Aan nicotine verwant landbouwgif bijzonder desastreus voor vogels

Van verminderde oriëntatie tijdens de vogeltrek tot verslechterde gezondheid en voortplantingsproblemen: de negatieve invloed van neonicotinoïden op vogels blijkt nog veel omvangrijker te zijn dan tot nu toe werd gedacht. Dat schrijven Nederlandse biologen en neurowetenschappers deze week in Ecology Letters.

Wereldwijd nemen vogelpopulaties in omvang af, vooral in gebieden met intensieve landbouw waar neonicotinoïden worden gebruikt. Die groep van aan nicotine verwante insecticiden is al langer in opspraak – zo constateerden de Nijmeegse onderzoekers al in 2014 in Nature dat het aantal insectenetende vogels dramatisch slinkt in gebieden waar wordt gespoten met imidacloprid. In de EU is die neonicotinoïde inmiddels verboden, net als de vergelijkbare middelen chlothianidine en thiamethoxam, maar elders is dat nog niet het geval.

Vervuild water

Bovendien blijken niet alleen insectenetende soorten de dupe. Uit recenter onderzoek kwam naar voren dat ook zadenetende, fruitetende en vleesetende vogels afnemen in gebieden waar de insecticiden veelvuldig gespoten worden. Dat suggereert dat de gezondheid van de vogels mogelijk wordt aangetast via vervuild voedsel, vervuild water of vervuilde bodem.

Om te onderzoeken wat er nu écht bekend is over de directe gevolgen van neonicotinoïden voor vogels besloten onderzoekers van de Wageningen Universiteit, Vogelbescherming Nederland en Maastricht universiteit tot een grootschalige literatuuranalyse van 49 wetenschappelijke publicaties.

Daarin stonden twaalf vogelsoorten centraal, waaronder de wilde eend, de huismus en de patrijs. In totaal werd gekeken naar ruim duizend mogelijke effecten van vijf verschillende neonicotinoïden (naast de drie eerdergenoemde ook acetamiprid en thiacloprid).

Uit de analyse kwam naar voren dat alle vijf de varianten een schadelijke invloed hebben op gezondheid, voortplanting en gedrag. Die invloed is bovendien vergaand: op maar liefst 932 manieren kunnen neonicotinoïden de gezondheid van vogels aantasten. Daarbij valt bijvoorbeeld te denken aan gewichtsverlies of een verzwakt immuunsysteem. Ook wat betreft voortplanting en gedrag zijn de gevolgen overwegend negatief: zo worden er meer jongen met complicaties geboren bij vogels die aan neonicotinoïden worden blootgesteld, en neemt het oriëntatievermogen af.

Vogelsterfte

Opvallend is dat bij een ander berucht landbouwgif uit het verleden, DDT, de negatieve invloed vooral bleek uit de verminderde voortplanting, schrijven de onderzoekers. In de huidige situatie zijn de negatieve effecten dus veel uiteenlopender.

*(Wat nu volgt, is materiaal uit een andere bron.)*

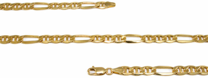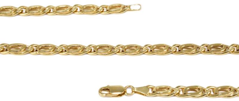 Kedvelt fazonú, pálcás betétekkel kombinált, 3+1 szemkötésű, üreges, de masszív kialakítású, "H-figaró" típusú aranylánc.

Hans de Kroon, hoogleraar plant-ecologie aan de Radboud Universiteit Nijmegen – niet bij het huidige artikel betrokken maar wel bij de Nature-publicatie uit 2014 – is onder de indruk van het onderzoek. „Oorzakelijk onderzoek is bij vogels heel ingewikkeld. Tien jaar geleden, toen wij ons onderzoek naar buiten brachten, waren we daarom nog heel voorzichtig om over een causaal verband te spreken tussen de vogelsterfte en de neonicotinoïden. Maar Nature zelf bracht destijds wel een redactioneel commentaar naar buiten met de veelzeggende kop: How much evidence do we need? Hoeveel bewijs hebben we nodig om te zien dat neonicotinoïden de natuur verwoesten? Inmiddels is er zo’n duidelijk patroon zichtbaar – dat blijkt ook uit die tientallen studies in deze analyse – dat ik stelliger durf te zijn. We zien een heel groot aantal negatieve gevolgen van neonicotinoïden en samen hebben ze een desastreus effect.”